Shaw's Jirds can develop very strong bonds with their owners (like fancy rats), but Bushy-tailed Jirds are not really sit and cuddle beasties. They tend to regard their human as a tree. Bushy-tailed Jirds do become very tame, but are too busy to sit still for long. Shaw's Jirds, particularly the males, will happily sit with their owners for hours, or have a race around the room and come back to their owner for some fuss. Bushy-tailed Jirds will just go and explore. They can become very tame, but don't develop the same bonds with their owner as Shaw's Jirds.

Shaw's Jirds are best kept singly in the case of females, or singly or in pairs in the case of males. Females can get very territorial, and although it is possible to get a pair of females that will live together peacefully, they can often fight as they reach maturity.

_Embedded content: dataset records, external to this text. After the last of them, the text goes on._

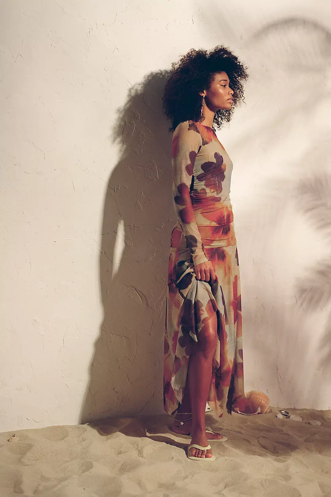 An effortlessly edgy design that transitions seamlessly from day to night, this versatile maxi dress boasts a forever-flattering fit-and-flare silhouette, ruched detailing for added waist definition, and a too-cool mesh fabrication.
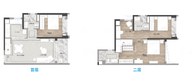 :一层设置客厅、餐厅、厨房、阳台及一间卧室和一个卫生间,二层为 3 个房间,实现动静分离,且全明无暗房,居住体验好。
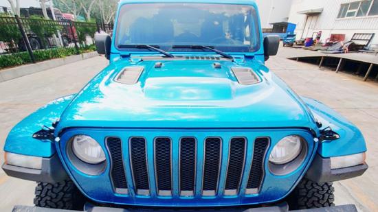 2020款JEEP硬派越野车牧马人2.0T车外后视镜的壳 体上设计了两排LED灯组,目的是为了弥补侧面的照明,视觉效果很有型,不知道实际照明效果如何。这是一辆吸取战斗机元素而设计的牧马人,发动机舱盖上的两个加特林机枪其实是进气口。
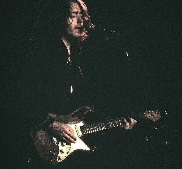 Rory introduced ‘Tattoo’d Lady’ with some flamenco guitar. Both his sidemen produced frantically good solos on this number, belying the fact they’d been hard at it for two hours. After this number, Rory went off, but the delighted crowd were not to be denied for long. He returned and launched into ‘Messin’ with the Kid’. Of all the bands I’ve seen, only the Groundhogs could come close to this band’s attack. He followed up with speeded up versions of Howlin Wolf’s ‘I’m Leaving You’ and Bo Carter’s ‘All Around Man’, the latter number opened with a body twitching riff much like that of ZZ Top’s ‘La Grange’. It also featured the most aggressive slide guitar of the night. All he needed was somebody like Johnny Winter to swap licks with. I’ve never seen R&B played with such intensity and at the age of 31 years, I’ve seen a few bands in my time.
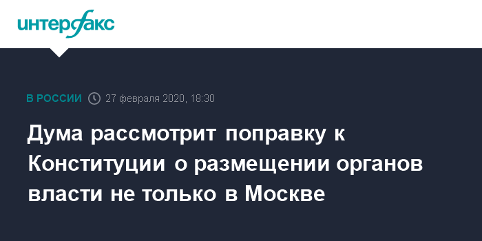 "В части 2 статьи 70 после слов о том, что столицей Российской Федерации является город Москва, указывается, что местом постоянного пребывания отдельных федеральных органов государственной власти может быть другой город, определенный федеральным конституционным законом", - пояснил парламентарий. Поправки вносятся в главу 3 "Федеративное устройство".
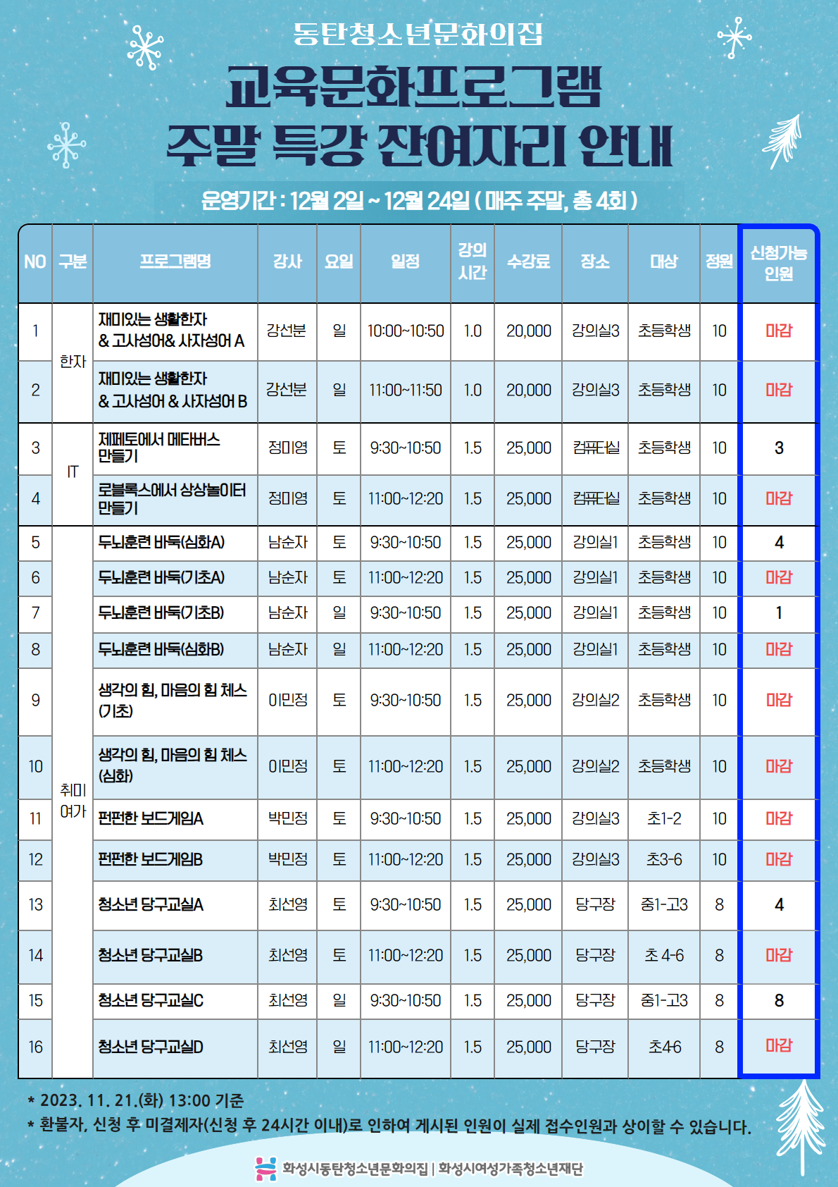 안녕하세요. 동탄청소년문화의집입니다. 2023년 교육문화프로그램 주말특강 잔여자리 안내 드립니다.
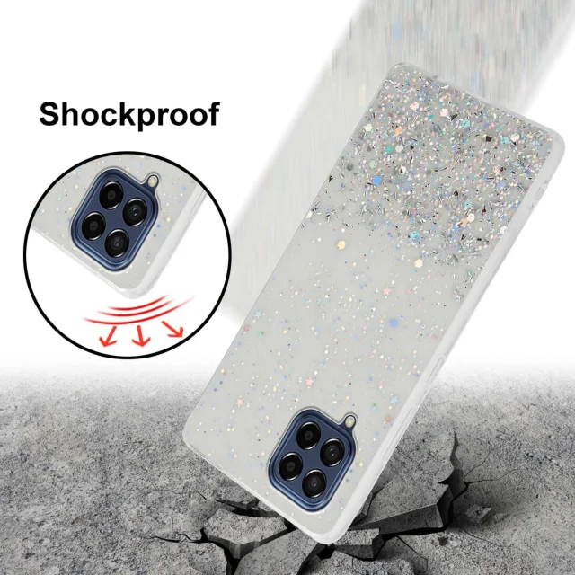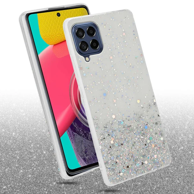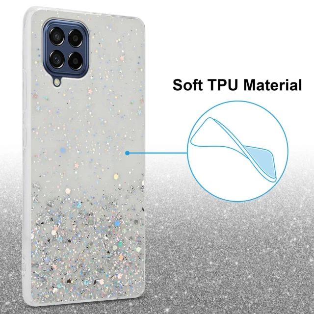 Ohišje, združljivo z Samsung Galaxy M53 5G in prozorna z bleščicami - Zaščitni ovitek iz prožnega silikona TPU s svetlečimi bleščicami
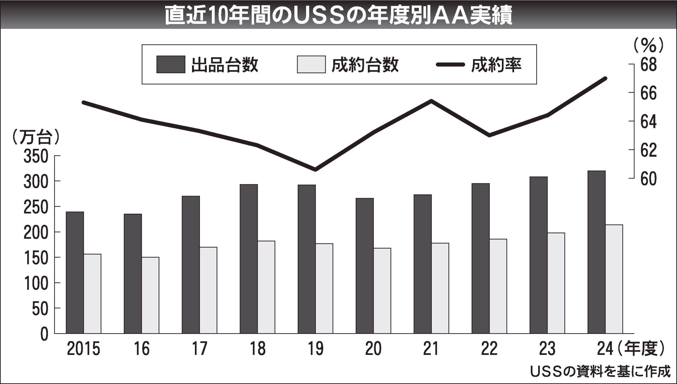 ユー・エス・エス(USS)が7日発表した2024年度の中古車オークション(AA)の実績によると、成約率が前年比2.6㌽増の67.0%となり、11年ぶりに過去最高を更新した。出品台数が同3.8%増の320万2002台と3年連続で過去最高だっ...

Bushy-tailed Jirds are very social animals and can be kept in single-sex groups and colonies. For breeding I personally have found that Bushy-tailed Jirds are best kept in pairs and that it is often best to remove the male when the female is about to have a litter. 

Bushy-tailed Jirds need more protien in their diet than most jirds (I give a bit of softbill bird food, hemp seed and mealworms as part of their diet to boost their protien intake). 

Both types of jird need as large an enclosure as you can provide. Bushy-tailed Jirds are excellent climbers as well as burrowers so love branches in their homes (up to 2-3ft tall). Both types of jirds love to burrow and so a deep substrate is ideal, as are toys like cardboard tubes and bendy log rolls.

I hope that this helps.

Heather.


----------